Content starts

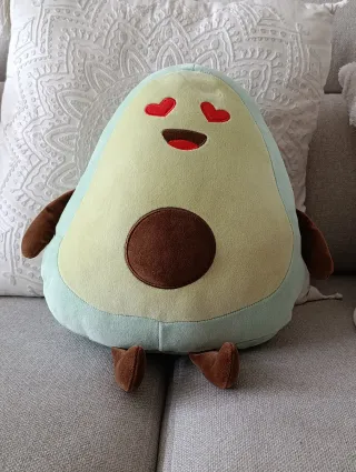 Peluche con forma de aguacate. Altura 30cm. - Material suave y agradable al tacto. - Forma de aguacate con cara sonriente y ojos de corazón. - Ideal como cojín decorativo o compañero de juegos.
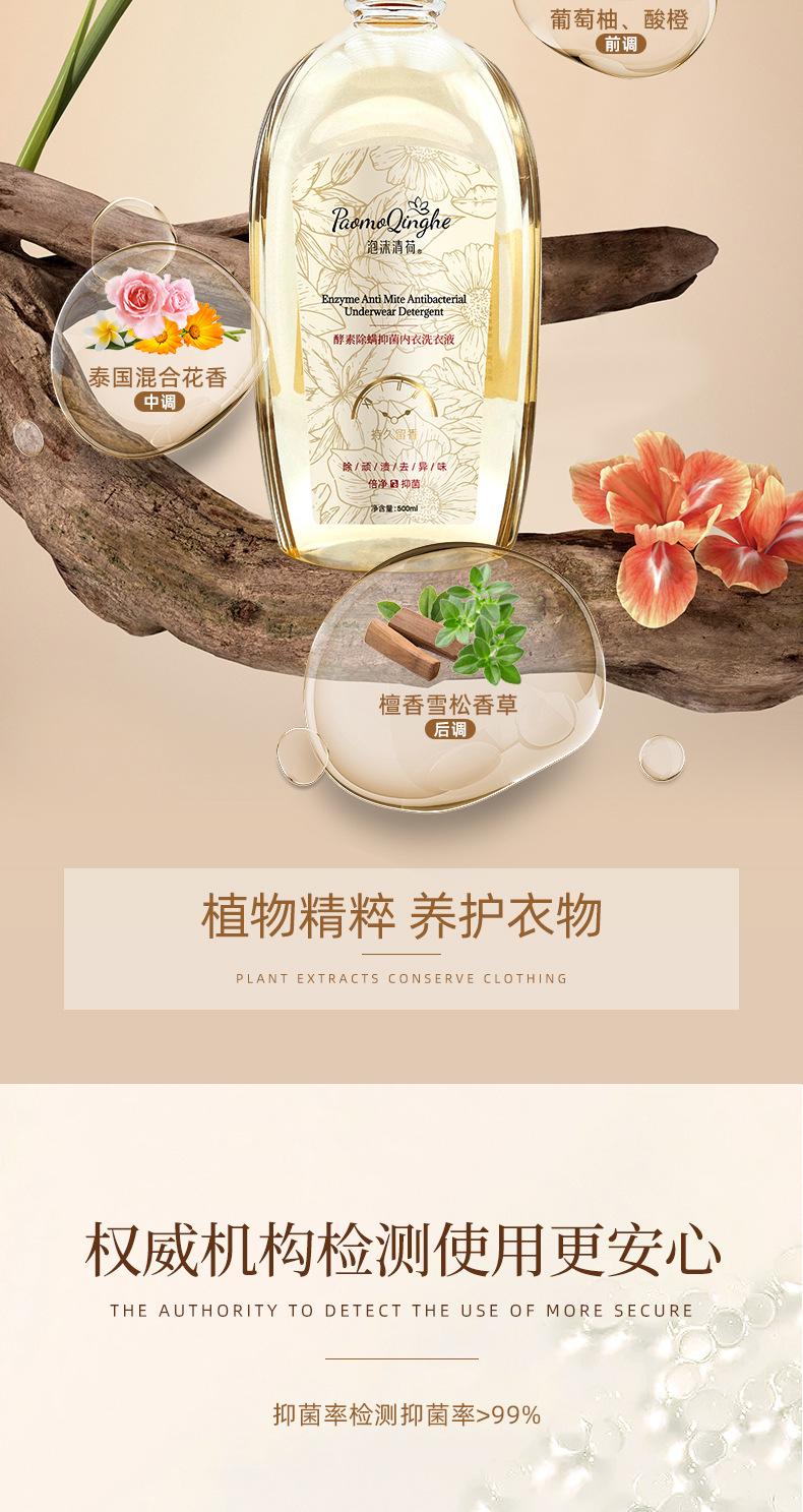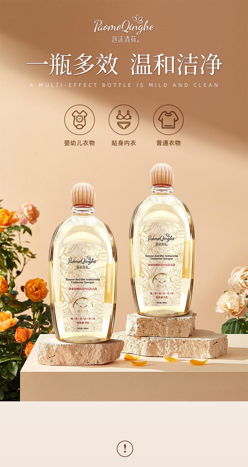 Espuma Qinghe Planta Enzima Ropa Interior Líquido para Lavar Ropa Interior 500ml Eliminación de ácaros Antibacterial Líquido de Limpieza de Ropa Interior para Madres y Bebés Especial
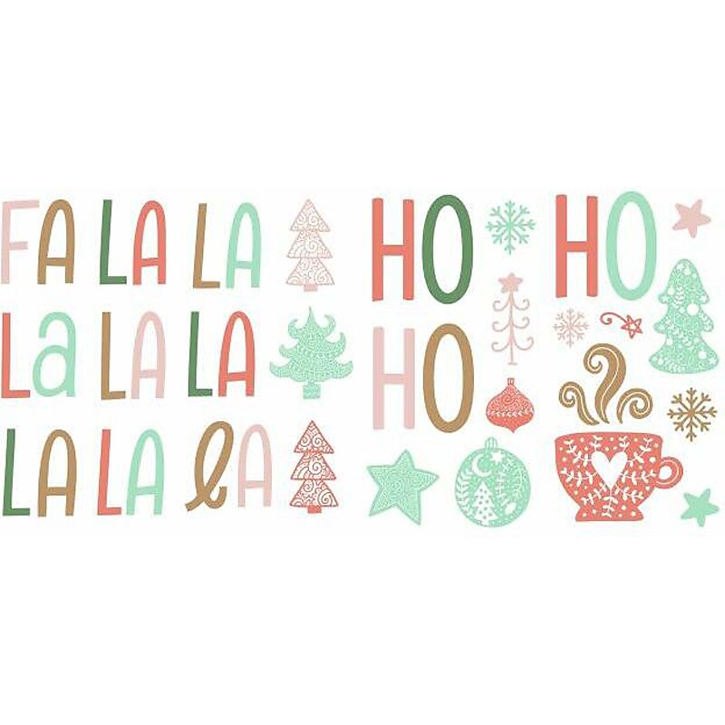 Dress up your home for the holidays with this eye-catching, colorful, and oh-so festive Fa La La La La peel-and-stick wall decal set from RoomMates. Go beyond the traditional red-and-green color palette with a festive mix of coral, light pink, and mint green. Great for jazzing up dining rooms, entryways, kitchens, classrooms, and any other holiday-themed rooms you may choose. The decals are easy to peel and stick! Remove, redecorate, and reposition without leaving sticky residue or damage behind on walls. Dress up your home for the holidays with this eye-catching set of colorful and oh-so festive wall decals. Great for jazzing up dining rooms, entryways, kitchens, classrooms, and any other holiday-themed rooms you may choose. Easy to use and backed by peel-and-stick technology. Go beyond the traditional red-and-green color palette with a festive mix of coral, light pink, and mint green. Includes decals range from 1. 9" x 1. 28" to 6. 26" x 3. 96". 27 wall decals per set. Great for use in bedrooms, classrooms, windows, doors, furniture, office, living spaces, and kitchens. Sticks best to smooth, clean surfaces. Reusable and can be easily repositioned. Residue-free and safe for walls. Made in the USA.
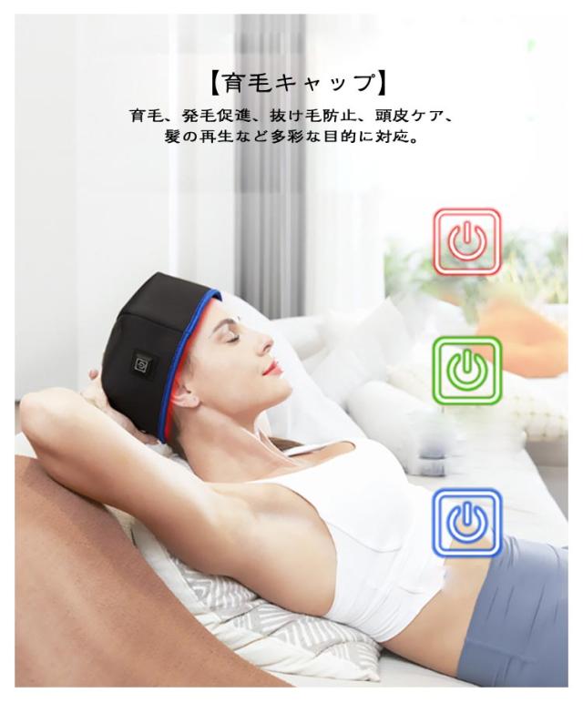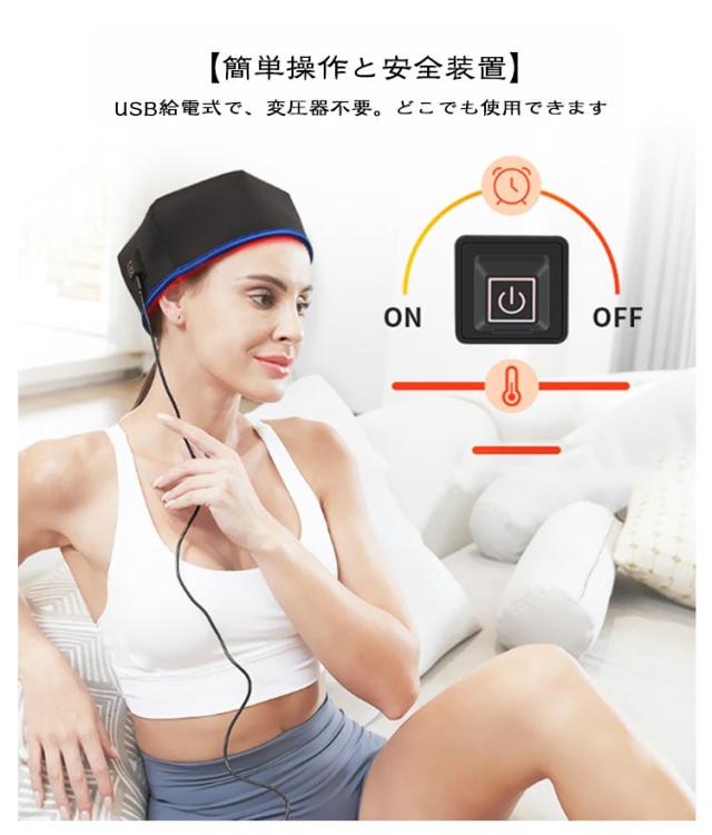 | 赤外線光線療法キャップ。育毛/抜け毛防止/頭皮ケア/疲労回復! LEDビームが頭部をフルカバーエネルギーを集中し、頭部を均一にカバーする 有効波長660nm+850nm 三つの光線療法モード。シリコンボタンを長押しして電源を入れ、軽く押すとモードが切り替わります。 ・660nm + 850nm毛包を活性化し強い毛根 ・10Hz代謝を促進する血液循環を促進する ・40Hz頭をリラックスさせ疲労回復 各コースは自動的に20分間計時されます。 5V/2A-USB電源の安全電圧は安全に使用できます。 USBケーブルはポータブル用で、プラグインできます。USBポートを備えたあらゆる電源で簡単に使用できます。 【本格的な頭皮ケア】エステのような効果を自宅で実現します。続けやすい使い勝手が魅力です。 【副作用の心配なし】健康な方でも安心して使用できます。副作用の心配が不要です。 【赤色LED効果】赤色LEDの光が皮膚から浸透し、毛包を活性化。髪の豊かさと強さを回復します。 【超軽量】長時間の使用でも首への負担を最小限に抑えます。 【簡単操作と安全装置】USB給電式で、変圧器不要。どこでも使用できます 【男女兼用】男女共用で、家庭用育毛器として家族全員で使用可能。 【育毛キャップ】育毛、発毛促進、抜け毛防止、頭皮ケア、髪の再生など多彩な目的に対応。 | |
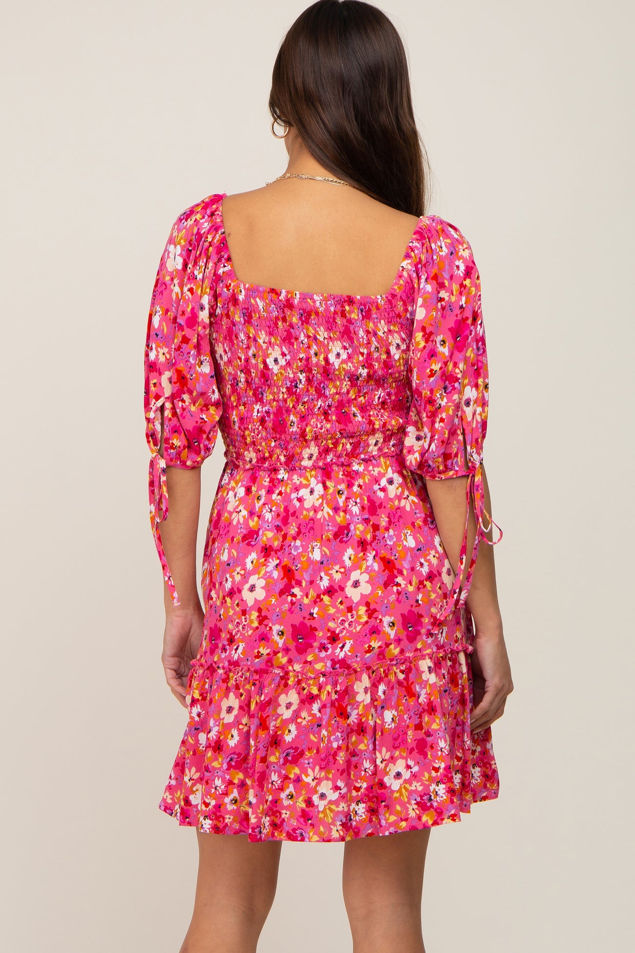 Fuchsia Floral Smocked Square Neck Ruffle Maternity Dress
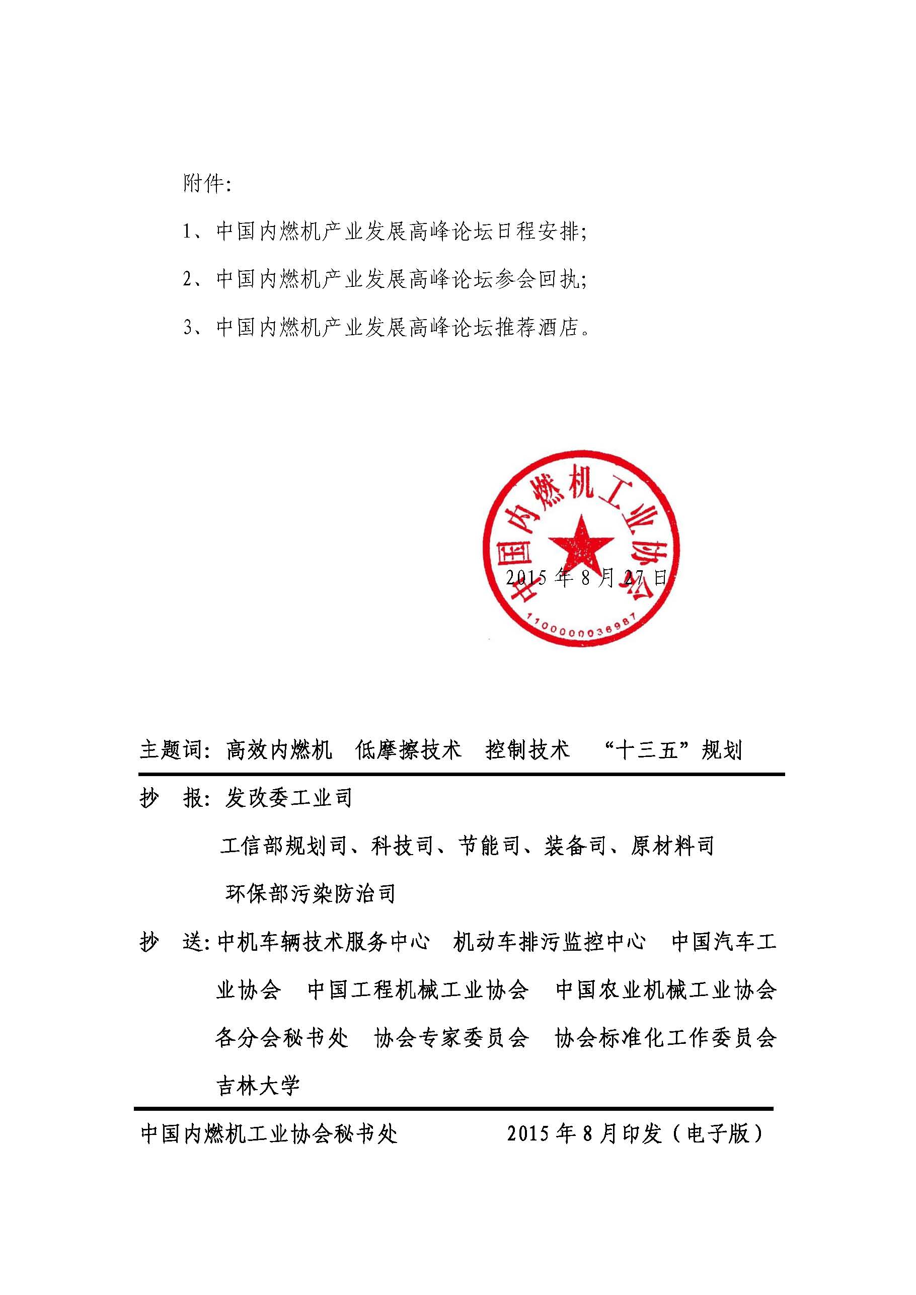中内协(2015)068号 关于召开中国内燃机产业发展高峰论坛的通知
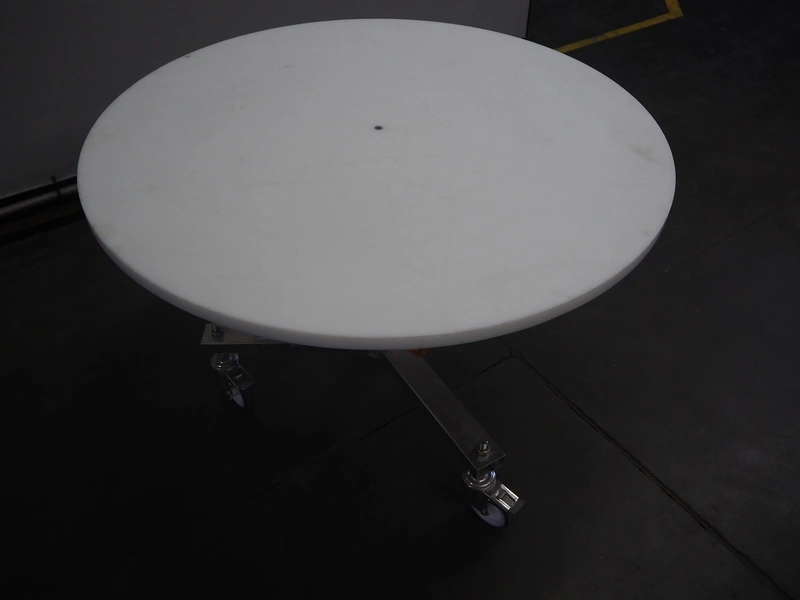 IFP packaging mobile turning table, type: TAV. GIR. D.1200, serial number: 4273, year of construction: 2014, 400 V, 50 Hz, 0.8 A, 0.18 kW, maximum 60 kg, dimensions: Ø 1200 mm x 880 mm.
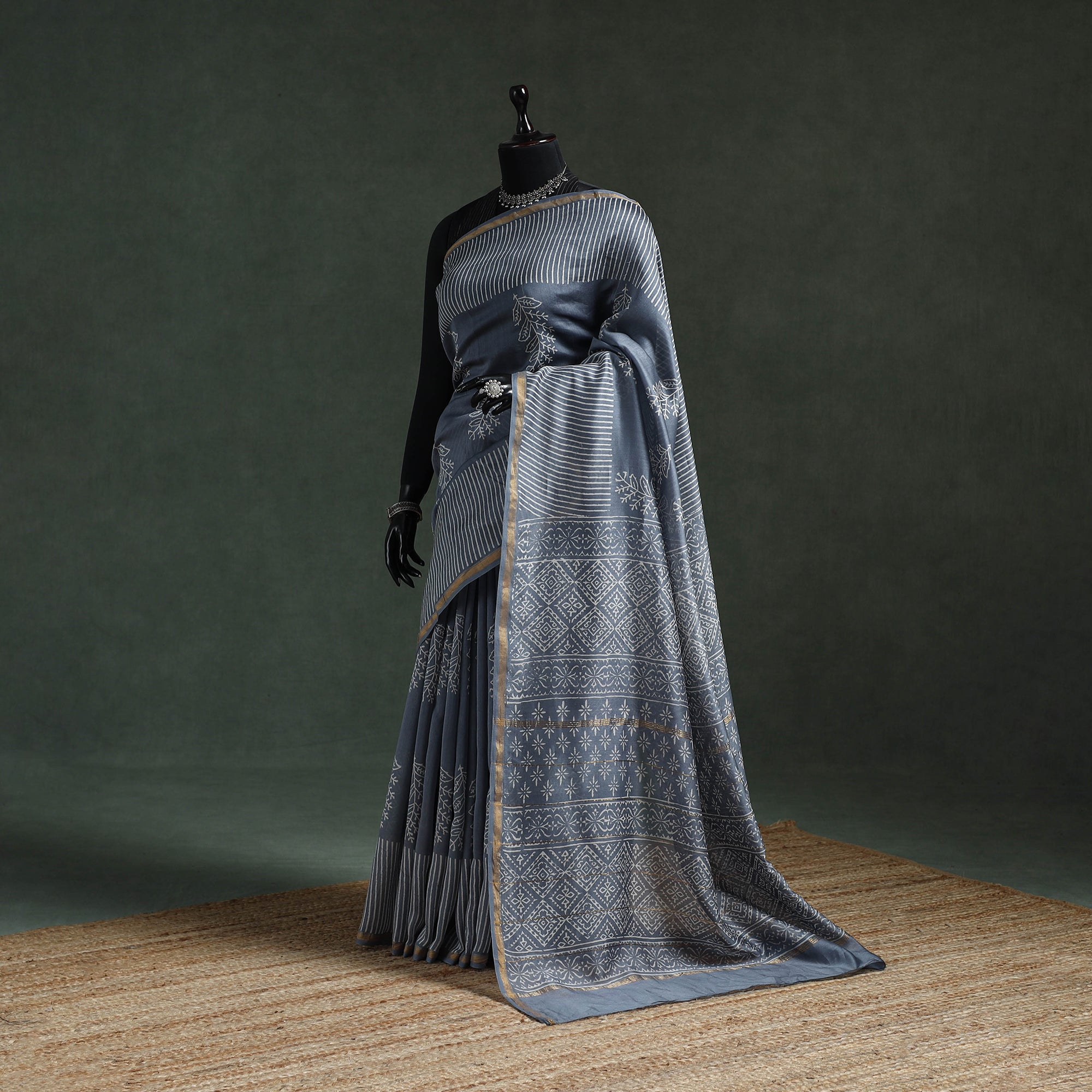 | Material | Grey hand block batik print saree. Made from chanderi silk cotton, this saree is created using the traditional wax-resist dyeing technique, a craft believed to be over 2,000 years old. The motifs beautifully reflect regional artistry passed down through generations. The breathable saree makes it suitable for office wear, cultural events, daytime functions, casual outings and gatherings. |

Content ends

• [Exercise goal]
Starting at the first line of the material, output exactly the lines up to and including the one with "Espuma Qinghe Planta". Do not include the pictures.

• [Task answer]
 Peluche con forma de aguacate. Altura 30cm. - Material suave y agradable al tacto. - Forma de aguacate con cara sonriente y ojos de corazón. - Ideal como cojín decorativo o compañero de juegos.
 Espuma Qinghe Planta Enzima Ropa Interior Líquido para Lavar Ropa Interior 500ml Eliminación de ácaros Antibacterial Líquido de Limpieza de Ropa Interior para Madres y Bebés Especial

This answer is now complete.